*** Begin section ***

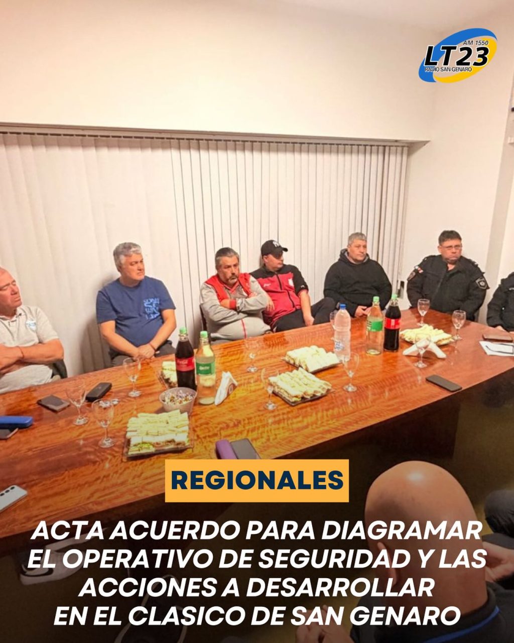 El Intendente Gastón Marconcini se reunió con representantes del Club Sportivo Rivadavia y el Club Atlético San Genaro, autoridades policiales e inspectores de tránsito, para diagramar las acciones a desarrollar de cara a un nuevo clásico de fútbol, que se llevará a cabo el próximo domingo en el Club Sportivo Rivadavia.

*** End section ***
*** Begin section ***

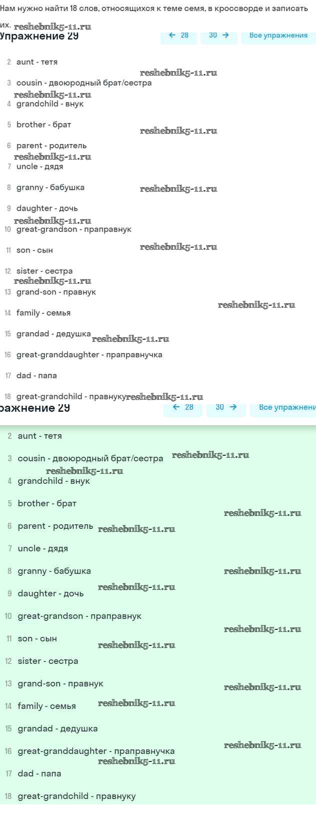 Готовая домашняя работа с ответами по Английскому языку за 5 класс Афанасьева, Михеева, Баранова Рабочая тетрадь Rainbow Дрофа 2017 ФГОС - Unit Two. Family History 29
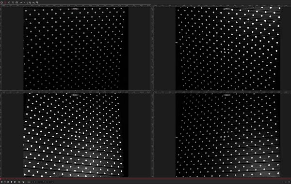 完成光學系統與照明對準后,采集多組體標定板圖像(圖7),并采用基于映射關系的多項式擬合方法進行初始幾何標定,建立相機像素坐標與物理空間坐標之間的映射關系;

*** End section ***

• **Directions**
For this exercise, transcribe exactly the part of the records above that opens with the line containing "Готовая домашняя работа" and closes with the one containing "完成光學系統與照明對準后,采". Pictures are not part of the copy.

• **Response to this task**
 Готовая домашняя работа с ответами по Английскому языку за 5 класс Афанасьева, Михеева, Баранова Рабочая тетрадь Rainbow Дрофа 2017 ФГОС - Unit Two. Family History 29
 完成光學系統與照明對準后,采集多組體標定板圖像(圖7),并采用基于映射關系的多項式擬合方法進行初始幾何標定,建立相機像素坐標與物理空間坐標之間的映射關系;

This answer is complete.